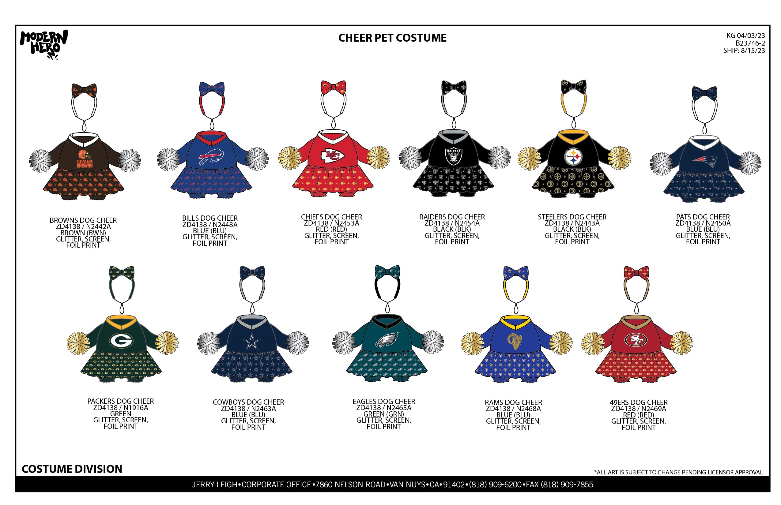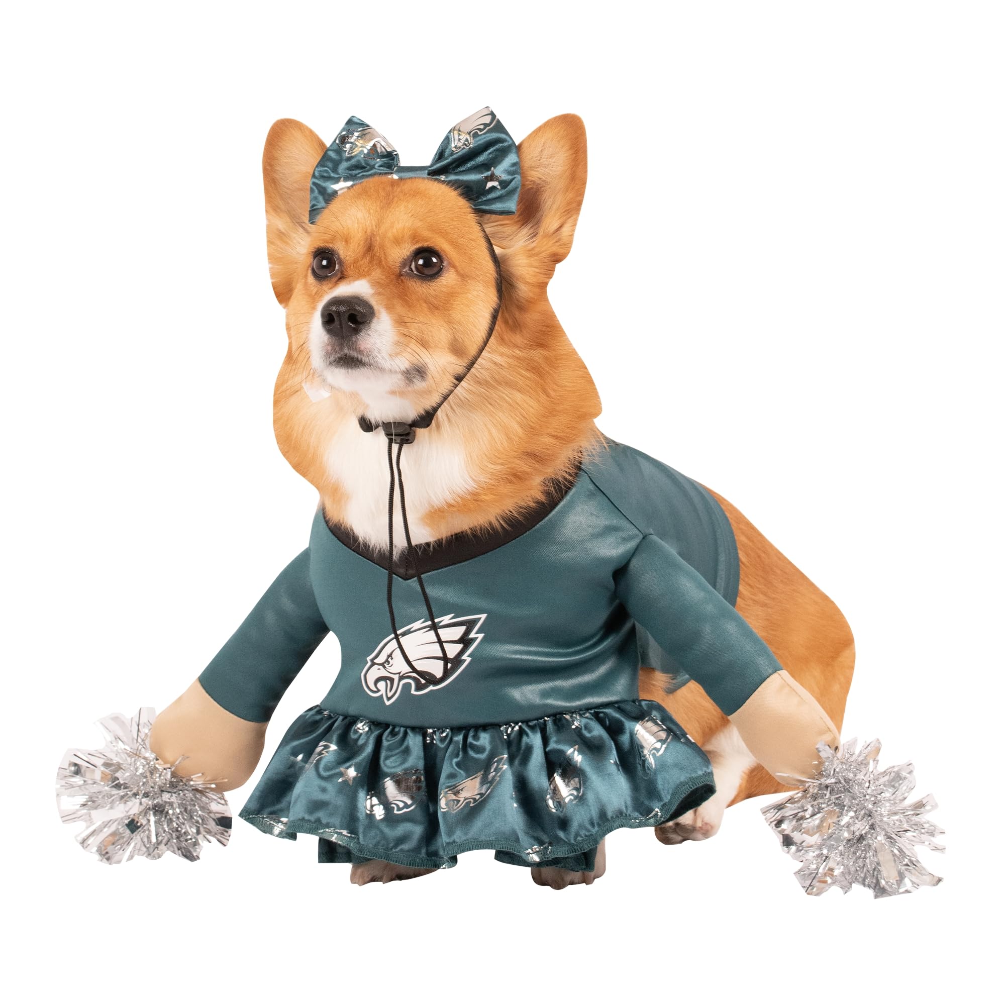 Officially Licensed NFL Cheerleader Dress. The dress is made of soft polyester fabric that won't cause any discomfort to your pet. It is carefully tailored to provide a snug yet flexible fit for dogs of all shapes and sizes.
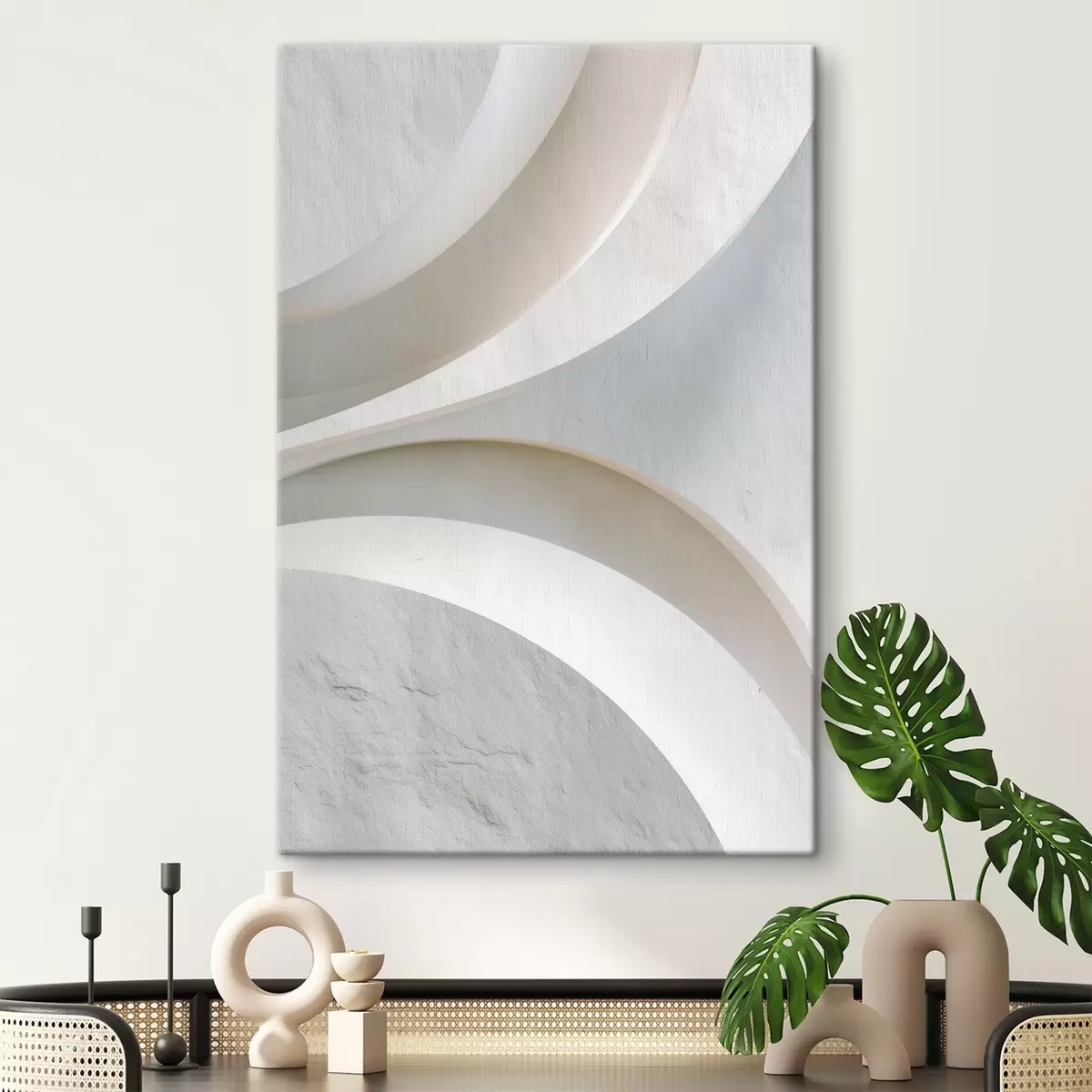 Glezna Dekoratīvs paneļš ar trīsdimensiju arhitektūras formām uz gaiša fona Nr s48191
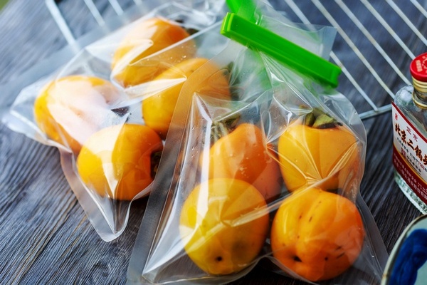 4、依次把所有柿子蘸上白酒,把蘸上白酒的柿子裝進密封袋或干凈容器里密封。放在溫暖處,幾天后柿子即可食用。用白酒漤過的柿子,果肉綿軟口感香甜,帶有淡淡的酒香。
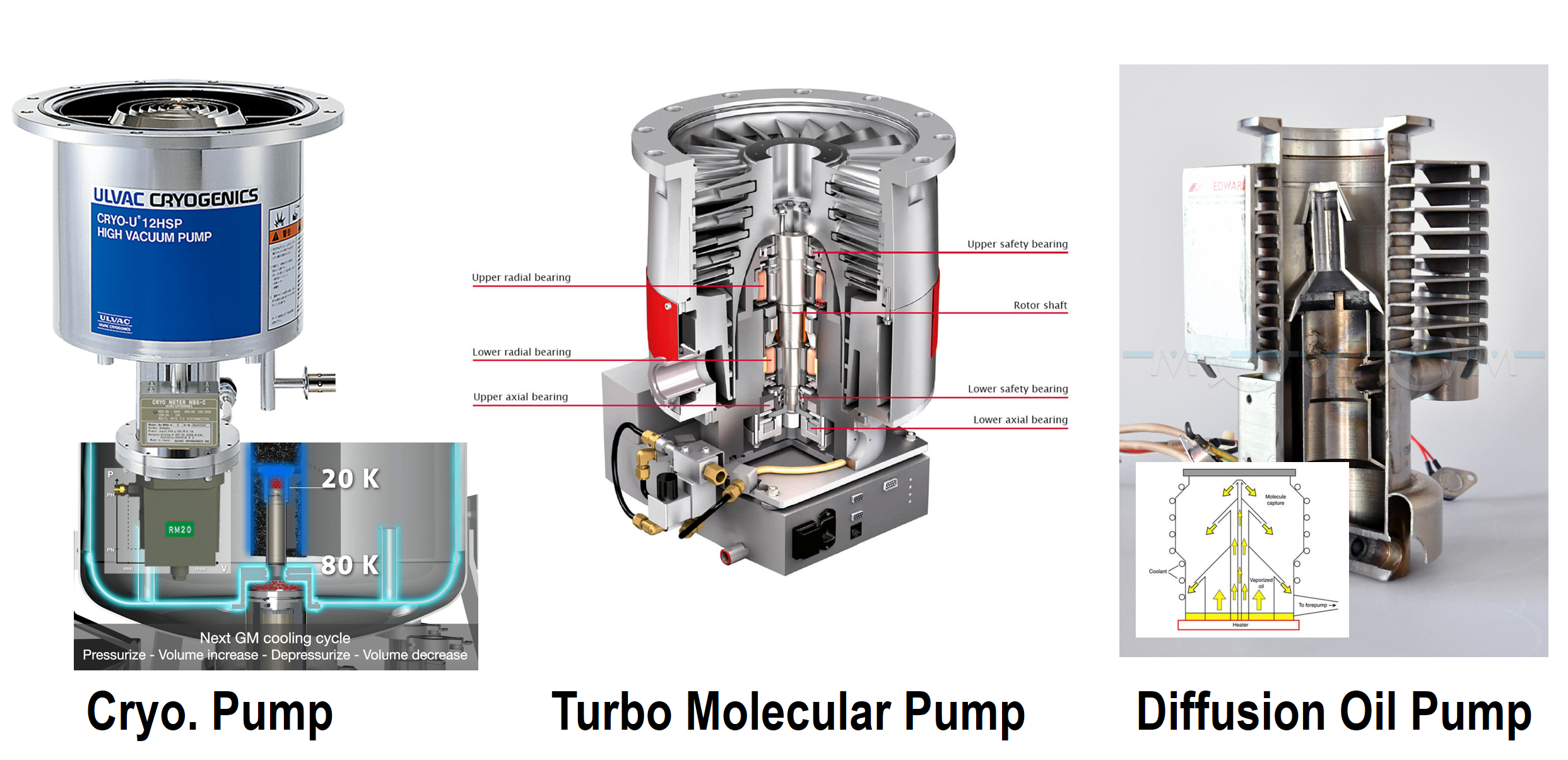 Diffusion Oil Pump의 경우, Evaporator에 주로 사용되는데 외부 Heat Coil로 Pump 내 Oil을 가열하면 Vapor 형태의 oil 입자들이 증기압에 의해 확산되었다가 냉각수 라인을 만나 액화되면서 챔버 내 입자들을 끌어내림으로써 고진공을 형성합니다.
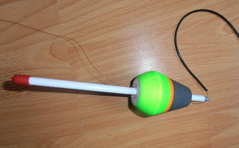 В него продеть пластмассовый цилиндрический поплавок, внизу которого, вставить и приклеить кольцо. Такую снасть бросают как возле берега, так и на дальнее расстояние, подходящая кормушка весом 10-60 гр.

━━━━

◆ **How to complete this task**: Your answer must be an exact copy of the records, with no pictures in it.

◆ **Answer**:
 Officially Licensed NFL Cheerleader Dress. The dress is made of soft polyester fabric that won't cause any discomfort to your pet. It is carefully tailored to provide a snug yet flexible fit for dogs of all shapes and sizes.
 Glezna Dekoratīvs paneļš ar trīsdimensiju arhitektūras formām uz gaiša fona Nr s48191
 4、依次把所有柿子蘸上白酒,把蘸上白酒的柿子裝進密封袋或干凈容器里密封。放在溫暖處,幾天后柿子即可食用。用白酒漤過的柿子,果肉綿軟口感香甜,帶有淡淡的酒香。
 Diffusion Oil Pump의 경우, Evaporator에 주로 사용되는데 외부 Heat Coil로 Pump 내 Oil을 가열하면 Vapor 형태의 oil 입자들이 증기압에 의해 확산되었다가 냉각수 라인을 만나 액화되면서 챔버 내 입자들을 끌어내림으로써 고진공을 형성합니다.
 В него продеть пластмассовый цилиндрический поплавок, внизу которого, вставить и приклеить кольцо. Такую снасть бросают как возле берега, так и на дальнее расстояние, подходящая кормушка весом 10-60 гр.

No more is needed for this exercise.